Friday, November 30, 2012

EATING MY WORDS



I hate eating my words.

Just today I said the words, "Lawrence isn't so bad," about the city I used to call home, the city run by a criminal mayor and his criminal thugs.  It's the city that thinks it's tough but would run screaming into New Hampshire if Philadelphia ever came calling.

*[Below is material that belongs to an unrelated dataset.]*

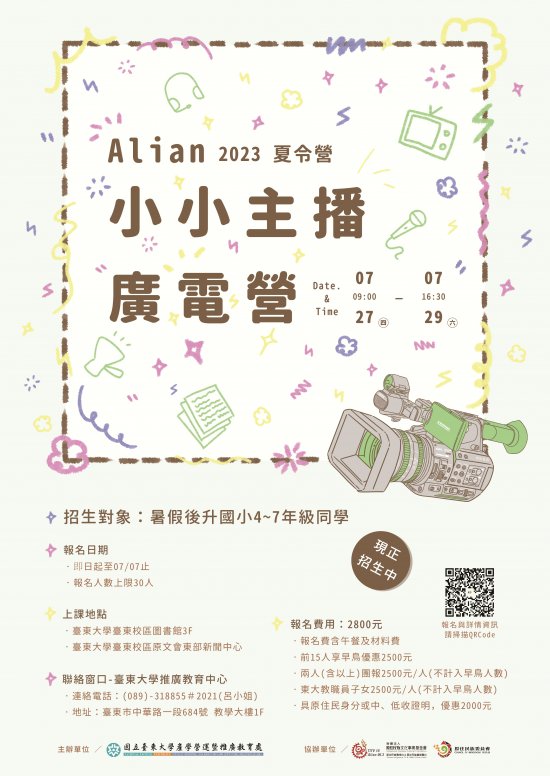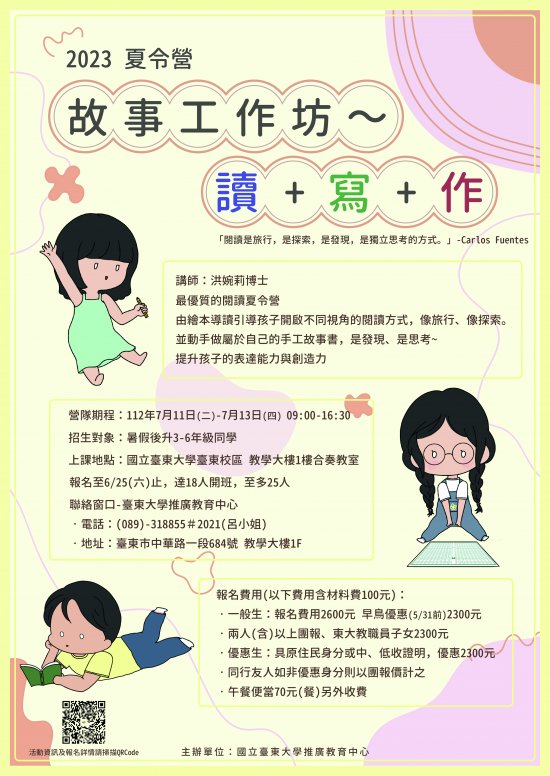 更多活動內容詳官網:國立臺東大學推廣教育中心夏令營專區,網址https://coce.nttu.edu.tw/p/412-1005-8594.php?Lang=zh-tw。

Later the same day, I went grocery shopping in Lawrence (because that's where the Market Basket is, the grocery store where I can actually afford to shop).  Everything was fine until I got to the produce aisle.  I heard this horrible hacking sound, the sound of severe toddler croup, and I noticed a shaggy man with two children in one of those massive cart/multi-seat/doublewide grocery carriages.  They were parked in front of the fruits and vegetables, and the youngest one had its mouth wide open and was coughing sputum and snot all over everything nearby.  I made a mental note to avoid any food I knew they'd been near, when suddenly kid #2 started spewing germs everywhere, too.

That's when I noticed twitchy, unkempt, skuzzy-looking "dad" (or random adult pushing them) stuffing food into his many pockets.  He was wearing baggy pants and multiple shirts, and he parked in such a way that the kids hacked on the produce while he backed up to the loose Brach's candy display and started loading up every pocket he had available.  He even put some of the stuff into his crotch (I really hope he was wearing underwear - or that would give new meaning to gumBALLS).

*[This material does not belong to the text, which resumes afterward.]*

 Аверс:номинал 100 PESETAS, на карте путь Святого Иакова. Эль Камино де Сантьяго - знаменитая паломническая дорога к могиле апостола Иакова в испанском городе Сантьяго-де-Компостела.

At this point I was close to the shoplifter and his mucousy minions because I needed to get something out of the freezer case across from where they were situated.  I started to approach them to say that people had to pay for the candy he was stealing, and that it wasn't free just because it was loose with a scoop and bags… the same scoop and bags he should've been using to collect the candy.

But I hesitated.

Not only were the kids incredibly ill with green goop coming out of every facial orifice, but the man hiding the candy was twitching, sweating, and sniffling.  I thought, "What if he has a gun?  What if he has a needle?  What if he's a nut-job who will wait for me in the parking lot and stab me for turning him over to Market Basket employees who probably don't give a rat's ass what he steals, anyway?"  Being stabbed would be truly inconvenient since I still wanted to stop at the packie (liquor store, for you out-of-New-Englanders) and get some of those Capri Suns for adults (also known as pre-mixed margarita pouches). 

So I did what any other Lawrence-Survivor (lived there for a dozen years) would do:  I pretended I never even saw the guy and walked away.

Blame me the next time you go into Market Basket and there isn't any candy left in the Brach's bins.  Blame me if you eat produce that makes you deathly ill even after you've washed it.  Blame me if some random guy with kids who belong in pediatric ICU are eating free food they didn't even have to use an EBT card for because to me it wasn't worth getting a scar over, losing a kidney, or ending up in a pine box.

You can also blame me for saying the words that I knew would come back to bite me in the ass sooner rather than later.  Lawrence IS bad, kids.  Sooooooo baaaaaad  … unless you want to catch the plague or sit in Lawrence General Hospital ER waiting to get your faced stitched back on, which explains why there are so many Massachusetts plates in the New Hampshire store parking lots.  Well, that and tax-free shopping, but that's a story for another day.